Sam Mudd (pictured) has led Bytes Technology Group plc to double-digit growth in its latest financial year.
The software, security, AI and cloud services specialist, based in Surrey, reported double-digit growth in gross invoiced income, gross profit and operating profit for the year ended 28th February 2025.
Gross invoiced income comfortably exceeded £2bn for the first time, it said, while the firm had a cash balance of over £110m at year end.
Last year Bytes began investigating the shock resignation of its former CEO Neil Murphy after he was accused of unauthorised trading in the company’s shares.
The investigation ultimately found 119 unauthorised transactions on 66 trading days between January 2021 and November 2023 which sent the London-listed stock plummeting.
However it would rebound as the software company announced a 12.3% rise in annual revenue to £207m and 12.2% leap in adjusted operating profit to £63.3m.

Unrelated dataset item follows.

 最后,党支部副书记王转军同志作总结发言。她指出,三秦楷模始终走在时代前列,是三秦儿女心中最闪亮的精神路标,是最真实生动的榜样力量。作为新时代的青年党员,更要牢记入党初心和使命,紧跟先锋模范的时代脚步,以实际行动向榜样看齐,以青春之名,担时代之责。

Mudd, installed as interim CEO, was appointed to the role on a permanent basis in the summer while two independent non-executive directors were also added to its board.

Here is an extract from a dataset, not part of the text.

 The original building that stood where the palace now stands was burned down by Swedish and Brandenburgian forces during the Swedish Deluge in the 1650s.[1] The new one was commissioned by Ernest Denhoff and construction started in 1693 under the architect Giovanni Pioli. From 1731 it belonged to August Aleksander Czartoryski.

“These results demonstrate the positive trajectory of our business which benefits from an ever-evolving industry,” said Mudd. “Our unwavering focus on great customer service drives expansion in our customer base and an increasing share of wallet from our existing customers.”
“BTG remains at the forefront of IT delivery, and we are highly engaged in areas such as AI adoption, cloud services and cybersecurity, which continue to be strong industry drivers. Our strategy is underpinned by our strong vendor relationships and the commercial acumen and dedication of our people, which means we are primed to capture the significant growth opportunities ahead and drive continued success.”
A Bytes investigation last summer found no evidence that Murphy’s share dealing involved any other parties, nor any evidence of a wider pattern of misconduct by him impacting or implicating any of BTG’s staff, customers or suppliers.
Murphy expressed “profound regret for his failure to comply with regulations and the impact of his actions on both BTG and his former colleagues”, the group said as it announced a settlement which saw him forfeit entitlements under its performance share plan and deferred bonus plan in their entirety, and repay his after-tax bonuses since the 2020 IPO on the London Stock Exchange.